The assistant ombudsman said he and his family had been threatened in the past. During a 2018 investigation, which found some of PT ANA’s plantations did not have proper cultivation permits, all three colleagues working on the report resigned before the investigation was finished. 

During a 2020 investigation, the Central Sulawesi ombudsman office found at least six of the ten land permits held by PT LTT,  the company claiming Jufri’s land, had discrepancies between the legally allocated land and the actual plantations. The company has yet to respond to the ombudsman’s findings. The report, viewed by the Globe, remains unpublished. 

WALHI hopes its 2020 complaint to P&G will result in a direct field investigation sponsored by P&G. But the NGO said the progress so far has been too slow.

In August 2021, nearly one year after WALHI filed the complaint, P&G contracted Landesa, a nonprofit focused on land rights, to review how the company’s grievance procedures were handling social issues such as land disputes, including the cases raised in the complaint, according to a Landesa spokesperson. 

Dr Siân Morris, senior director of P&G Corporate Scientific and Sustainability Communications, said in an email that the company had yet to figure out how to reconcile WALHI’s complaint but is committed to moving forward.

“There’s a mistrust on both sides,” said Wootliff, the sustainability consultant who works with AAL. “The NGOs think that the companies are really trying to get away with as little as possible. And the companies think the NGOs are trying to get them to boil the ocean and solve all the problems in Indonesia.”

To solve these kinds of problems, the NGOs and companies need to build trust.
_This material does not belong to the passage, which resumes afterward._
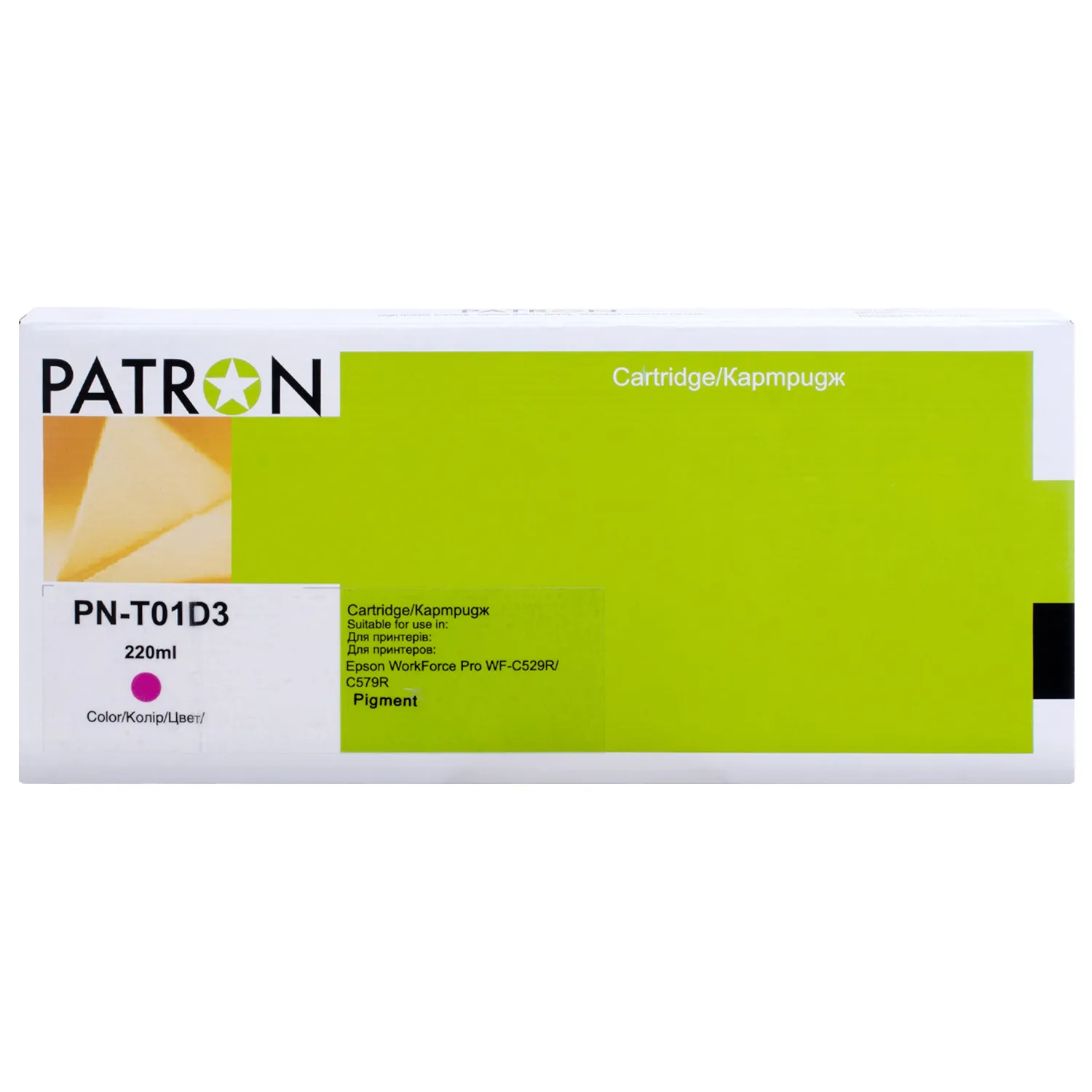 Струйный картридж C13T01D300 Patron имеет ресурс – 220 мл.

Most importantly, companies need to work with NGOs and recognise there are greater ethical responsibilities than simply following the letter of the law, Wootliff argued. 

For now, the cases of Hemsi and Jufri, along with other cases in the complaint raised by WALHI, appear to be at a stalemate.
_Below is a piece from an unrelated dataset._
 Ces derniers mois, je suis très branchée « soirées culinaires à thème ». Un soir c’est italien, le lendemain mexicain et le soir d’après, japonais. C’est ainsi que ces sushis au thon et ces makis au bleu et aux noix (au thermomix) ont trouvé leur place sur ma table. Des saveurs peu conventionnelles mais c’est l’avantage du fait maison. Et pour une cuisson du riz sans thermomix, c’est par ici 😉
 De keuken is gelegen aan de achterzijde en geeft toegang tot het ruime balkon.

Abdul Haris, the former director of WALHI Central Sulawesi who authored the P&G complaint, said he is pessimistic about the palm oil industry finding a better way to resolve these issues anytime soon, given the prevalence of overlapping land documents and a lack of will from companies and local authorities to develop effective and fair solutions.

“This will never end because the farmers will need to harvest their farms and believe they have rights over their lands,” Haris said. “And they have a legal basis that shows the lands belong to them.”